Apple (and others) have also very strongly informed us of the zeroing-things-out work they've done and how it saves them quite a bit of problems. There are folks on the Committee who value their already-existing users and implementations more, where indeterminate initialization provides them the performance and control they like. They also don't want to make those people have to change their code to init things. It's not a direction I agree with, but you have to remember that people like me have a much larger burden of proof. Indeterminate initialization is the status quo, and changing the status quo requires a paper, attending meetings, convincing others, and passing a vote. It's very much an uphill battle, and you have to bring a LOT of evidence to the table to fix it, and even after you bring that evidence you're required to prove it deserves to be in the standard. A lot of work!

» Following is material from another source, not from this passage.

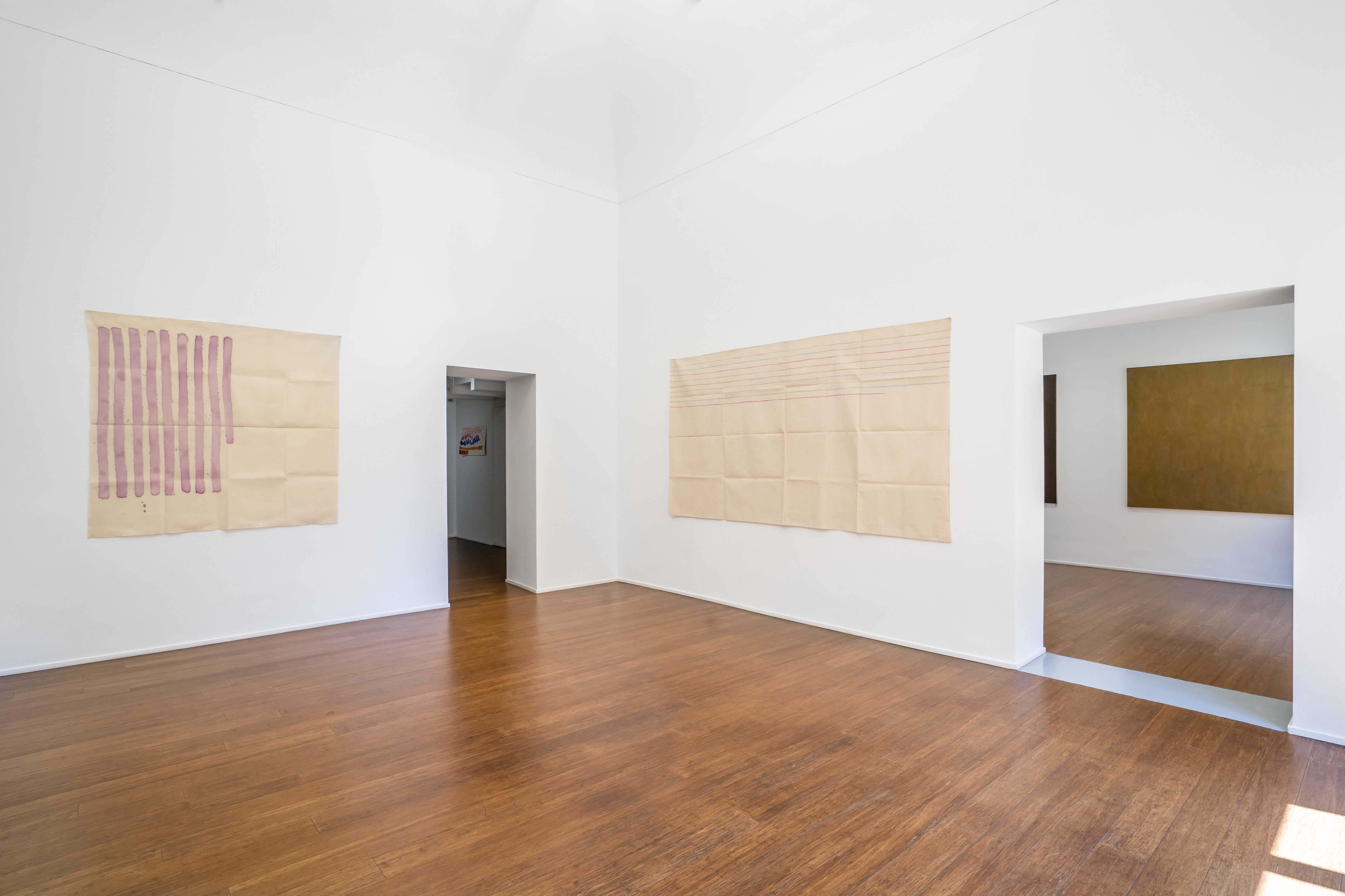 Pezzi scelti opportunamente e display filante nel produrre un confronto dialetticamente vivo per tre artisti in piena evoluzione espressiva. Tre “diversamente giovani” sulla cresta di un’onda che questa mostra cavalca stabilmente, riuscendo non solo a far valere capacità singole e singolari, ma ad ampliare anche il dibattito su un genere pittorico tra i meno definiti (la pittura analitica non essendo un movimento specifico è più assimilabile ad una macro area poli-comprensiva sul piano tecnico). E a furia di allargare alla fine salta fuori l’elemento fondamentale, quello che rende artisti provenienti da differenti fasce d’influenza geo-intellettuale una corazzata unita nell’analiticità delle proprie scelte. Tra loro si aggira un compagno fidato, si chiama “tempo pittorico”, per gli amici ritmo. Attore co-protagonista tra linee, tratteggi e quant’altro generato dalla mano libera di Griffa, azione in cui l’artista include interruzioni arbitrarie come pause, come un silenzio che non nega il suono e lanciato addosso al pubblico alla John Cage. Sulla pervicacia del pacchetto gestuale standard può intervenire poi il processo finale, la piegatura della tela, in una cadenzata sotto-struttura a griglia che incrociando la fondamentale percezione ritmica dell’artista torinese la completa.
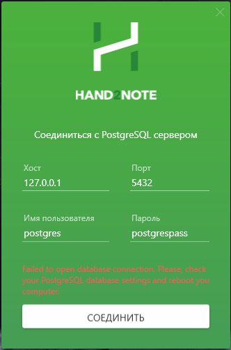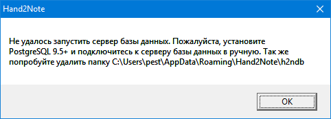 Доброго времени суток! При запуске Hand2Note возникает ошибка Пароли перепробовал все, postgreSQL установил и все равно Что делать ? Может кто то сталкивался

For initialization, I am hoping to standardize "= {}" as a way to guarantee a proper static initialization. (Paper here, but needs some more work: https://thephd.dev/_vendor/future_cxx/papers/C%20-%20Consist...) Committee has received it favorably, and it should make C23.

For other things, you might need to lean on C23's attribute feature (e.g. "[[clang::must_initialize]]" and stuff) to provide some of that functionality. Not quite ideal, but attributes have standard placement and are infinitely extensible by implementations, so it gives vendors room to provide users what they need while the Standards Committee chews through proposal after proposal to get things done.

Hopefully this is a little helpful to you about the process!


What's gross to me is compilers often know a function has been passed a pointer to fixed sized object. And have hacky ways to determine that at run time. Not to mention all these compilers do know what a phat pointer is.

Says to me the problem is the people on the standards committee.


I can understand C's reluctance to add features and complexity, anything that would make it not C. But the memory safety issue is such an enormous problem, and the fix is so simple, and the fix has been proven in 20 years of constant use in D, that I just can't see not incorporating it.


How about adding a compiler switch like std=c23-heretical or -c23-make-baby-richie-cry.

And then let programmers decide if they want to live in the dark ages.


A switch isn't needed for my proposal. You can mix & match it with legacy code.


Apostrophes for integer-literal separators?!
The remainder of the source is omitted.